WordPress has a blocks problem. Those added by core alone are starting to overcrowd the inserter UI, and when you add a few plugins in the mix, things can become unwieldy. Many blocks are, essentially, variations on base HTML elements. For example, Post Title is merely a variation on the <h*> element, and WordPress already has a Heading block.

These variations duplicate developer efforts, create scenarios where each block supports different features, and often litter the interface.

Cory Birdsong opened a ticket in January that seeks to address this issue. His proposed solution:

Instead of making tons of individual blocks for this sort of thing, it seems like it would be better to create systems for using site/post metadata within existing generic blocks.

Reusing the post featured image seemed the most obvious starting place. Theme authors have long been clamoring for more control over its output, and the dedicated Post Featured Image block has been lackluster at best. There are tickets to bring the same “featured cover” implementation to the Media & Text and Group blocks.

With WordPress 6.0 landing next month, we will not see full-scale support for binding dynamic data to more generic blocks. However, it could have implications for the future.

What if, instead of plugin authors creating individual blocks, they could merely offer a switch to display content via a custom data source?
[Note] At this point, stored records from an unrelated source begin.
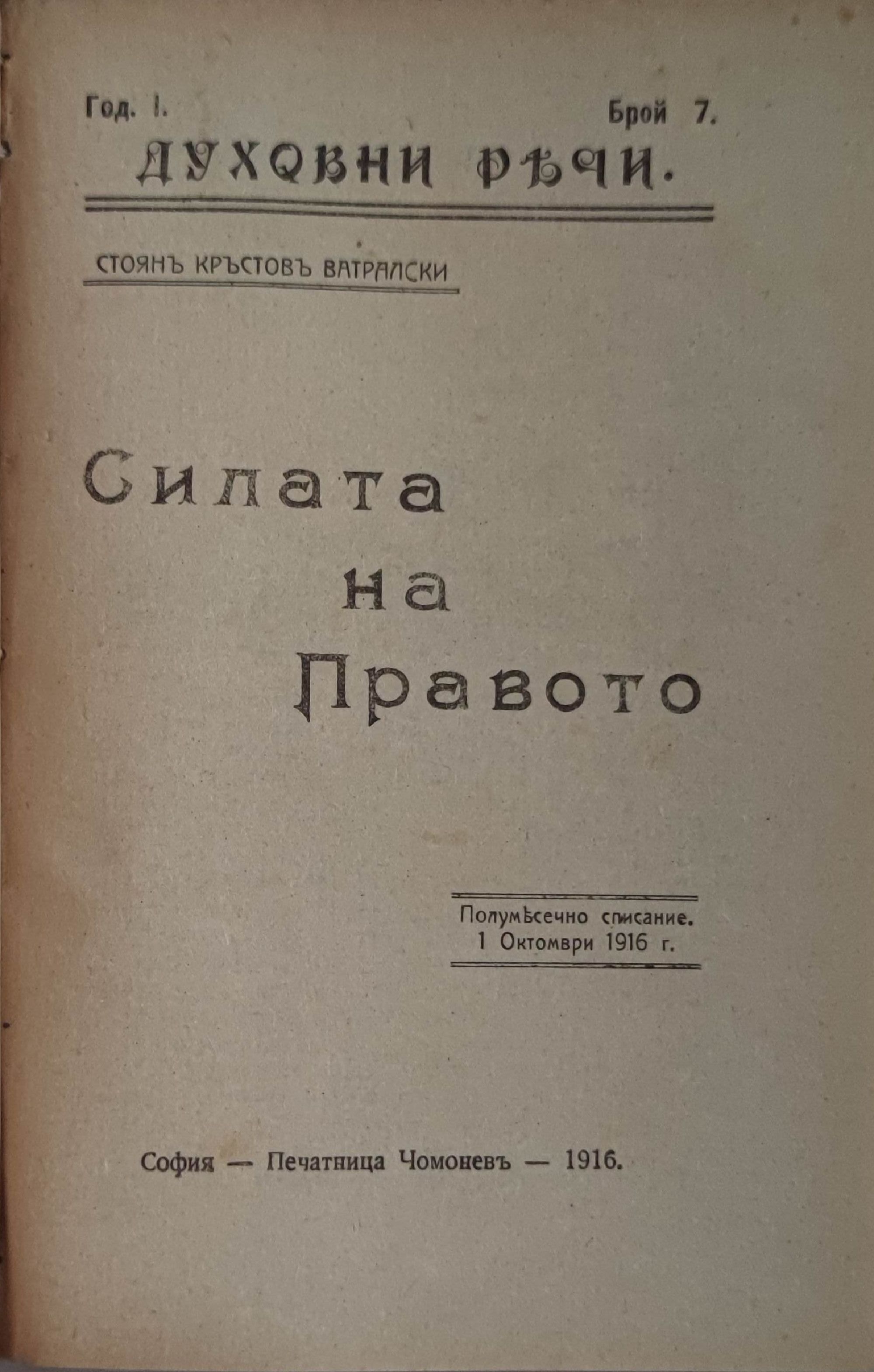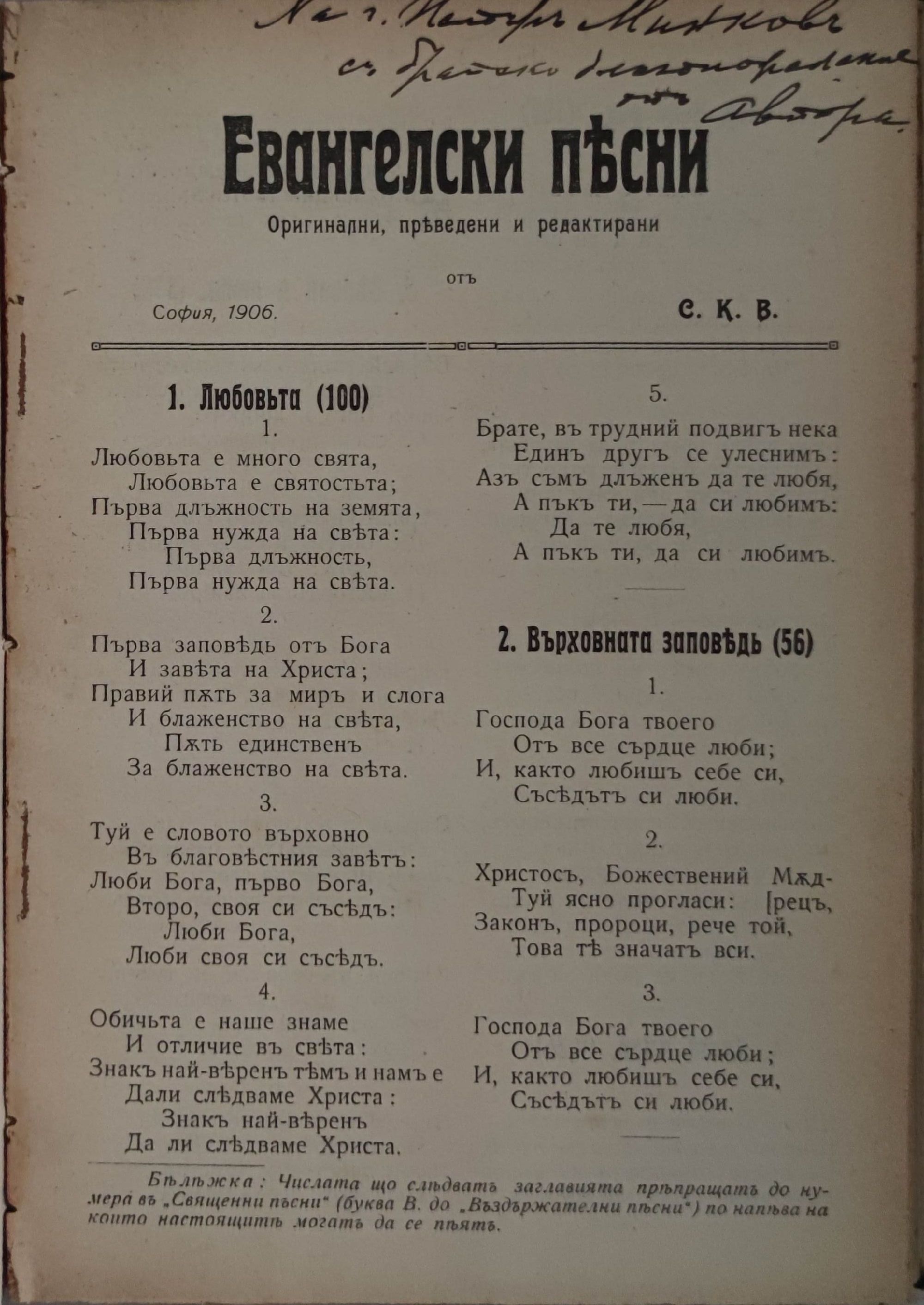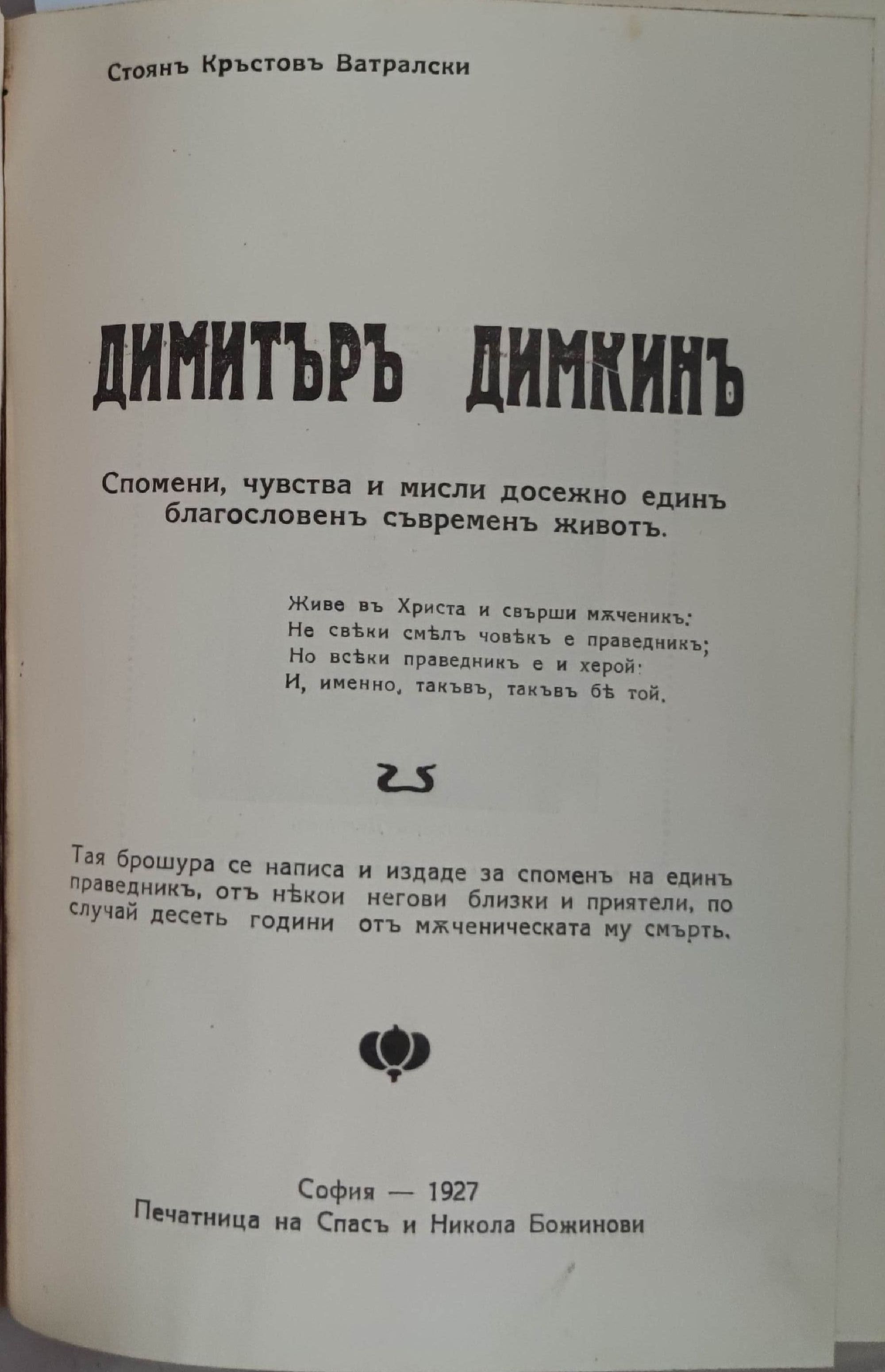 Първомъ правда - сбирка рими и поеми върху благовестни теми/ Силата на правото/Балканско държавничество/ Благословенъ/ Димитъръ Димкинъ - спомени, чувства и мисли досежно единъ благословенъ съвременъ животъ/ Евангелски песни/ Как да преподаваме религията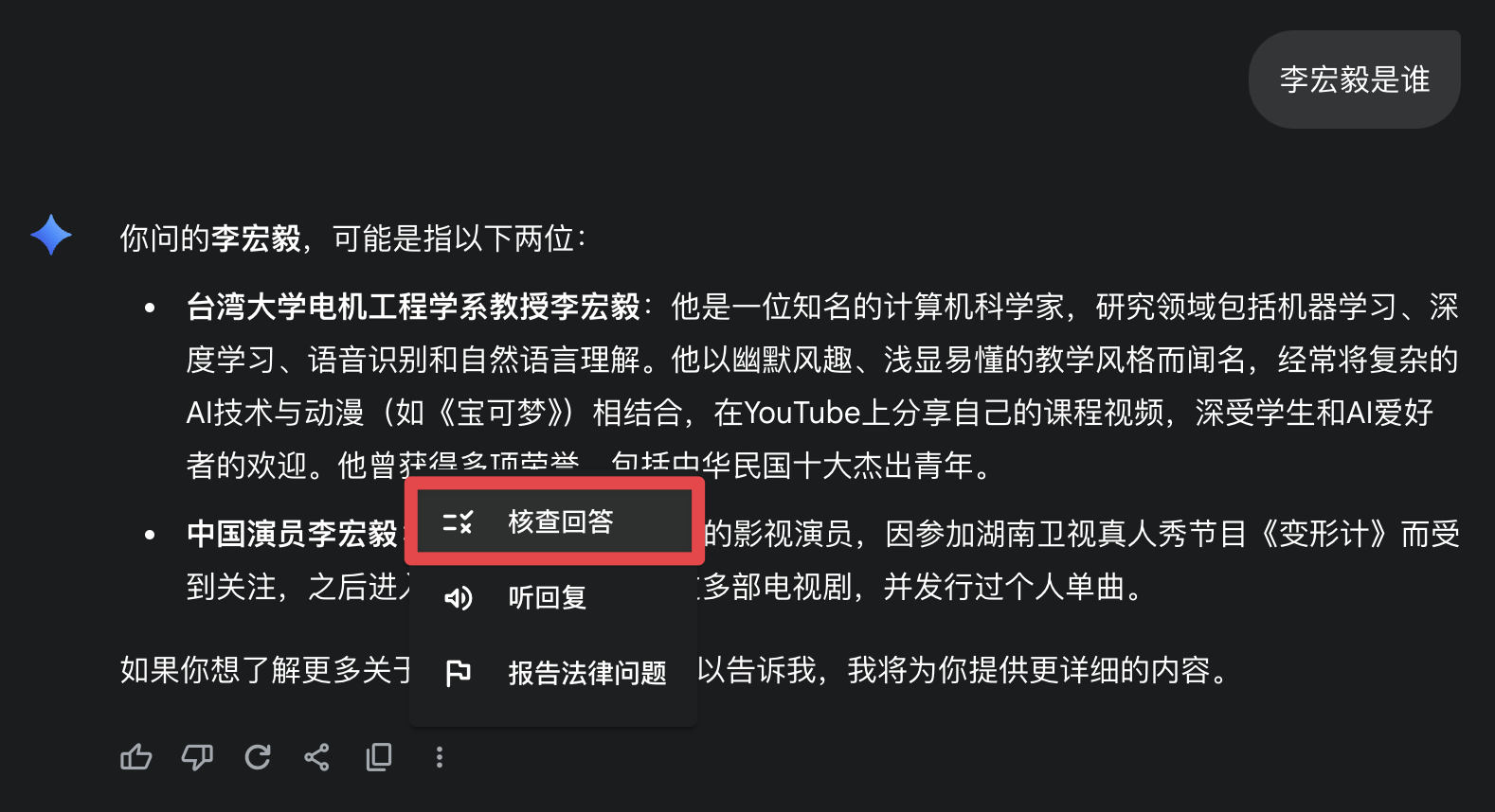 Gemini 有一个事实核查的功能(在 2025/08/09,这个功能叫做“核查回答”。在 Gemini 给出答案后,如果用户不太相信的话,可以点一下这个按钮,它就会检查答案的真实性。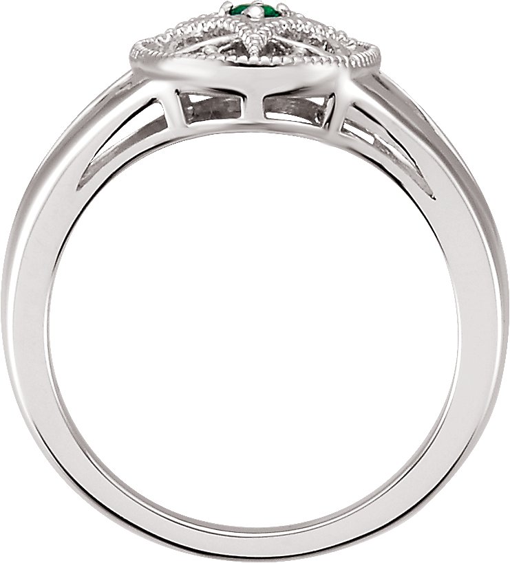 Sterling Silver Emerald Granulated Filigree Ring Size 6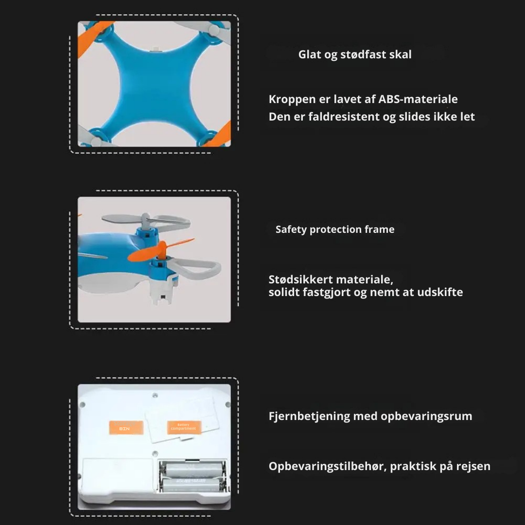 Propelbeskyttelsen gør AeroNøva perfekt til børn, fordi den kan flyves sikkert indendørs. Du giver en gave der både er sjov og tryg — præcis det forældre ønsker.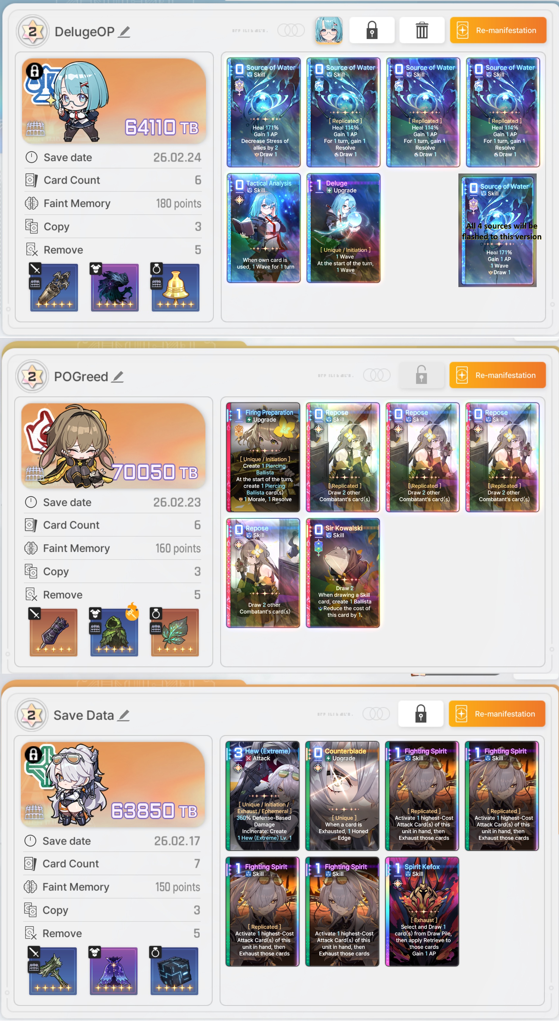 >>558473302In Chaos, she feels like a worse Khalipe. You actually have to play Nine's card. There are ways to cheat it out, but you have to actually epiphany into them, and if you're not making a Nine deck, she doesn't really do anything special. Khalipe in Chaos you don't even need to play her cards to get her to do things, and her epiphanies don't matter, she's always Khalipe. Admittedly, I don't have Nine fully built or her artifact set farmed out because I literally rolled her last night after planning on skipping her, so she might be fine for save data, but so far in the Chaos runs I've done, she feels extremely overrated. >>558473360There are some enemies in the game that punish card spam. Beryl and Nine are both good counters for it. No one has said anything about Beryl nerfs, but she's definitely next on the chopping block if they're still going that route.

There are certainly some use cases beyond core WordPress where this could be handy.

For now, at least, I am likely to spend the rest of the day tinkering with featured images and Cover blocks.

14 responses to “Featured Cover Blocks and the Future of Binding Data to Generic WordPress Blocks”

  1. This is great news. I was just wishing we had this ability the other day. Can’t wait to try it out.

  2. One thing I haven’t seen mentioned is it possible to manually add an image and also toggle the featured image, so the manually added image would be used as a fallback when the post doesn’t have an assigned featured image?

    • I believe there was a ticket at some point for doing this with the Image block. I can’t recall exactly, but that is a good idea. Users should be able to toggle this from any image-related block.

  3. I hope Gutenberg can extend more by allowing developers to connect dynamic data to content of blocks, not just limited to the featured images. It will be very helpful like showing WooCommerce product price, gallery or showing data from custom fields like Meta Box.

    • Yes, there are several ways of hacking together something like that now via CSS and combos of blocks. Of course, there are shortcomings with all of them in comparison to a core standard that binds the data to the Cover block itself.

      For your current solution with the Group block, I would recommend using a custom block style. It would let you cut back on all the the nested selectors. Plus, the layout would be reusable, more so if offered as part of a pattern.

  4. Lack of dynamic data support is the sole reason why I cannot completely switch to Gutenberg. I await the day I can display custom fields/ACF data natively on Gutenberg without having to buy some premium blocks plugin.